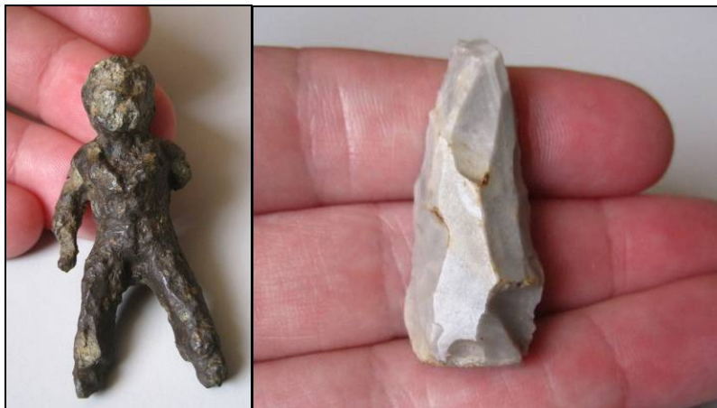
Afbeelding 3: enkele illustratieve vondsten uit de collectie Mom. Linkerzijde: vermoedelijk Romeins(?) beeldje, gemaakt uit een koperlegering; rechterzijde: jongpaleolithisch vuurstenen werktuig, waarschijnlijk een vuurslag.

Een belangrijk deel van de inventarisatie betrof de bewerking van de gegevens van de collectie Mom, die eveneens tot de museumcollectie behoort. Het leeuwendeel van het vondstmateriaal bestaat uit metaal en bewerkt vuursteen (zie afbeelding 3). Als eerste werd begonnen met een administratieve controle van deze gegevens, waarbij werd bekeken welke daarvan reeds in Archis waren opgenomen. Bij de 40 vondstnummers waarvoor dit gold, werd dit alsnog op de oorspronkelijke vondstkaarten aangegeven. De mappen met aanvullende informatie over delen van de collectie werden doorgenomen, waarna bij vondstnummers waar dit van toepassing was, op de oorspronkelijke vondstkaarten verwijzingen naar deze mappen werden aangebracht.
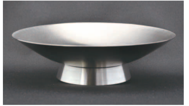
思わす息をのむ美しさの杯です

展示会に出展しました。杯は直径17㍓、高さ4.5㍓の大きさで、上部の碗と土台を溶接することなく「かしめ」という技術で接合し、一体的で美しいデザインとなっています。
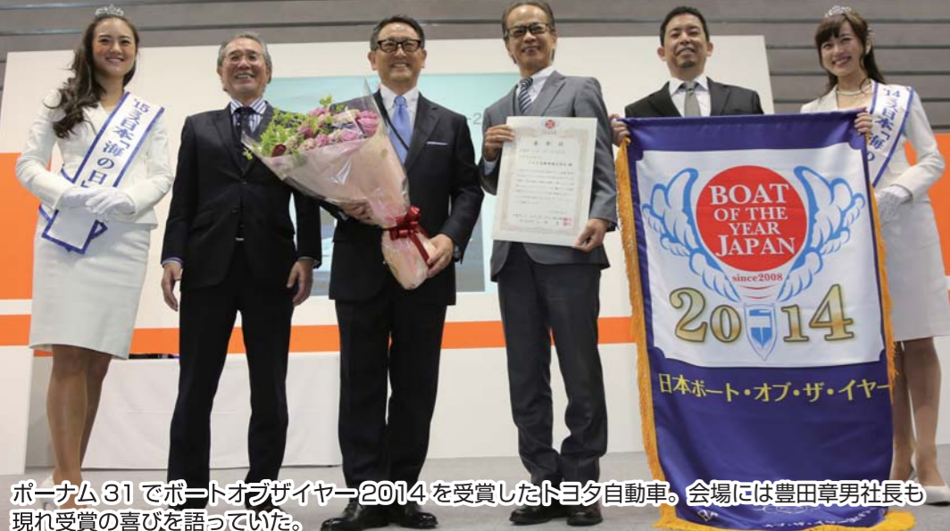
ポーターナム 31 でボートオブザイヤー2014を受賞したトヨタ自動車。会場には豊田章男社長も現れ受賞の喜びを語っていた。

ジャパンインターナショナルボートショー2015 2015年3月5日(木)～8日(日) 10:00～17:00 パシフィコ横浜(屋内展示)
____________________
Work request: In the entries above, find the line containing "展示会に出展しました。杯は直", then please retype it and every line after it through the last, exactly as written, omitting pictures.

Answer to this exercise:
展示会に出展しました。杯は直径17㍓、高さ4.5㍓の大きさで、上部の碗と土台を溶接することなく「かしめ」という技術で接合し、一体的で美しいデザインとなっています。
ポーターナム 31 でボートオブザイヤー2014を受賞したトヨタ自動車。会場には豊田章男社長も現れ受賞の喜びを語っていた。

ジャパンインターナショナルボートショー2015 2015年3月5日(木)～8日(日) 10:00～17:00 パシフィコ横浜(屋内展示)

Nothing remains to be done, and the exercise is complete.